> _Task statement_: Output the data in full. Keep every word exact and exclude the pictures.

> _Data provided_:
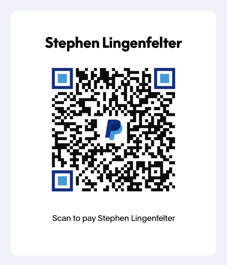 Donations can be sent through PayPal to s2lingenfelter@gmail.com or through the QR code.
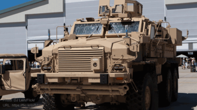 Spotted on Campus: Up-Armored Mine-Resistant Monster Trucks
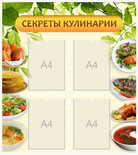 Стенд Секреты кулинарии 800х900 мм пластик 3мм с карманами А4-4шт
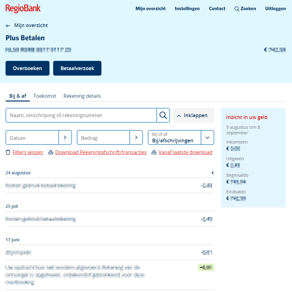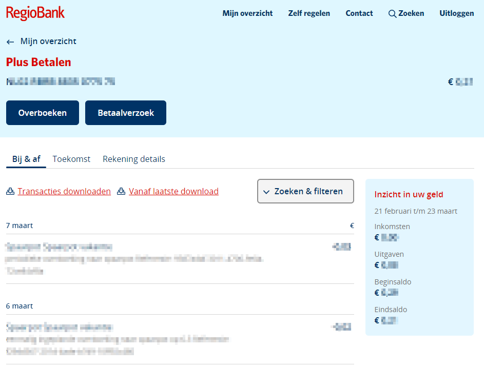 Je rekeningoverzicht in Mijn RegioBank

> _Response to the task_:
 Donations can be sent through PayPal to s2lingenfelter@gmail.com or through the QR code.
 Spotted on Campus: Up-Armored Mine-Resistant Monster Trucks
 Стенд Секреты кулинарии 800х900 мм пластик 3мм с карманами А4-4шт
 Je rekeningoverzicht in Mijn RegioBank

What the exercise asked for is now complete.